Why would home surpass work as a source of stress? Hochschild argues that women’s mass entry into employment created a time shortage at home as families face a “second shift” of housework, cooking, and childcare after the workday [3]. Not only are these chores often onerous in themselves, the division of tasks is frequently contentious [1, 3]. As a result, individuals may experience more stress at home than at work, enticing them to spend more time at work [1]. However, ironically, the stress at home is increased by long work hours. The more time one spends at work, the more housework is waiting at home. In addition, long work hours exacerbate tensions between family members over work-family balance and the division of chores.

In this light, research indicating that people feel more stressed on workdays than on weekends [2] might be capturing the stress of the second shift at home, rather than the stress of work itself. It seems that work is not especially stressful in itself, but working may make home life more stressful. Indeed, over half of working parents report that balancing home and work responsibilities is very or somewhat difficult [1]. If, as Hochschild argues, workers increase their hours at work to escape the stresses of home life—thus exacerbating the stress at home—home life will become increasingly stressful over time.

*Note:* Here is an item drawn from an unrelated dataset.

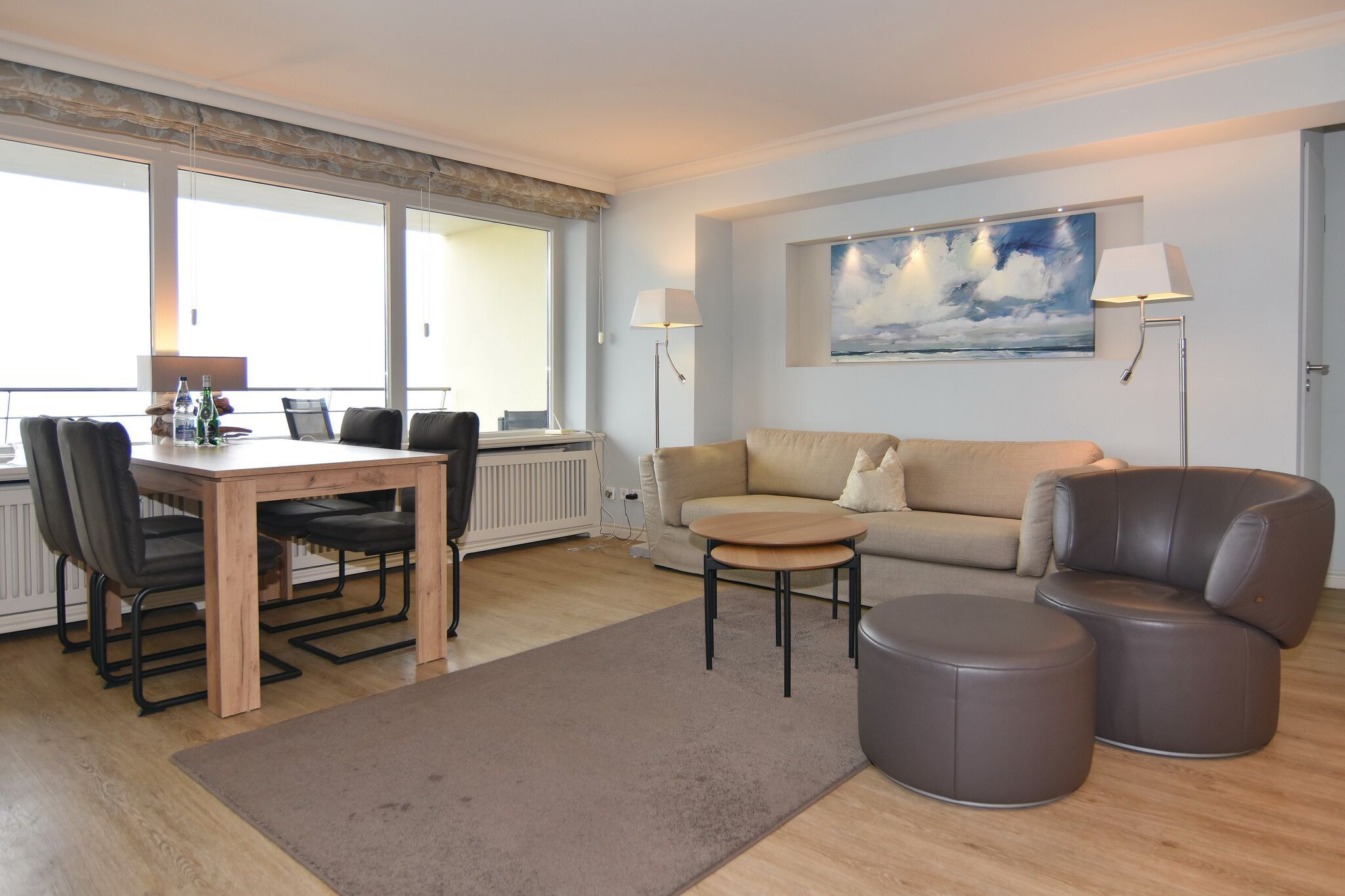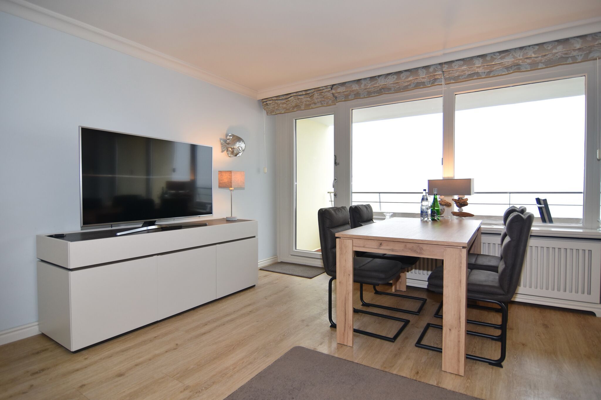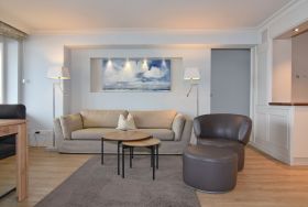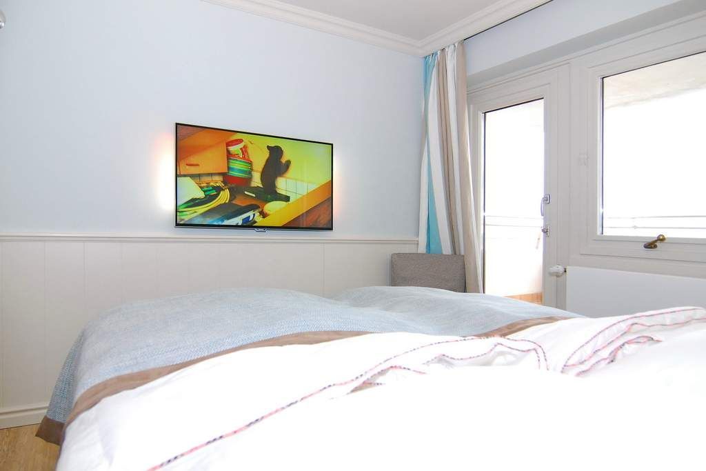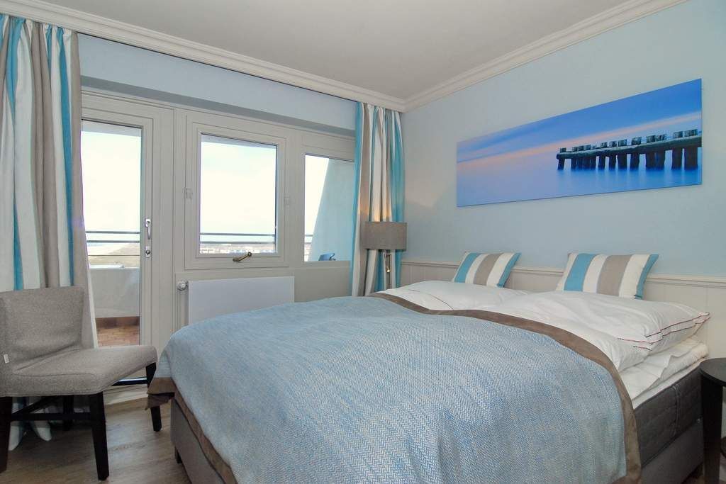 Exklusives 3-Zimmer-Apartment im Haus Metropol im 5.OG mit traumhaften Blick auf die Nordsee und über den Dünenkamm. Nichtraucher-Appartement! Wohnzimmer mit Sitzecke und Essplatz am Fenster mit Blick auf das Meer, Flat-TV mit Radio, W-Lan (ohne Gewähr), West- und Nordbalkon mit Balkonmöbeln, offene Küche mit Geschirrspüler und Mikrowelle/Backofen, Schlafzimmer mit Boxspringbett (180x200 ) und Flat-TV, Westbalkon und Duschbad ensuite, Schlafzimmer mit Boxspringbett (160x200 ), Flat-TV und Nordbalkon, Duschbad/WC. Das Wohnzimmer ist mit Designer-Fußboden ausgelegt. Tierhaltung ist nicht gestattet. Bettwäsche und Handtücher sind zur Anreise aufgezogen. Ein PKW-Stellplatz kann kostenpflichtig zugebucht werden.

What might break this vicious cycle? Clearly, Americans need to improve their work-life balance, but quitting their jobs would not improve their overall well-being—employment is associated with improved physical and mental health [2]. Moreover, offering employees flexible work plans may not solve the problem either, unless workers can be persuaded to use them—some of the workers most pressed for time may prefer the time they spend at work over their time at home. (Many workers may also be justifiably concerned that taking advantage of “family friendly” job options would de-rail their career.) Unfortunately, there is unlikely to be a simple solution to America’s work-home conflict.


[1] Hochschild, Arlie. 1997. The Time Bind: When Work Becomes Home and Home Becomes Work. New York: Henry Holt and Company, LLC.


[3] Hochschild, Arlie. 1989. The Second Shift: Working Parents and the Revolution at Home. New York: Penguin Books.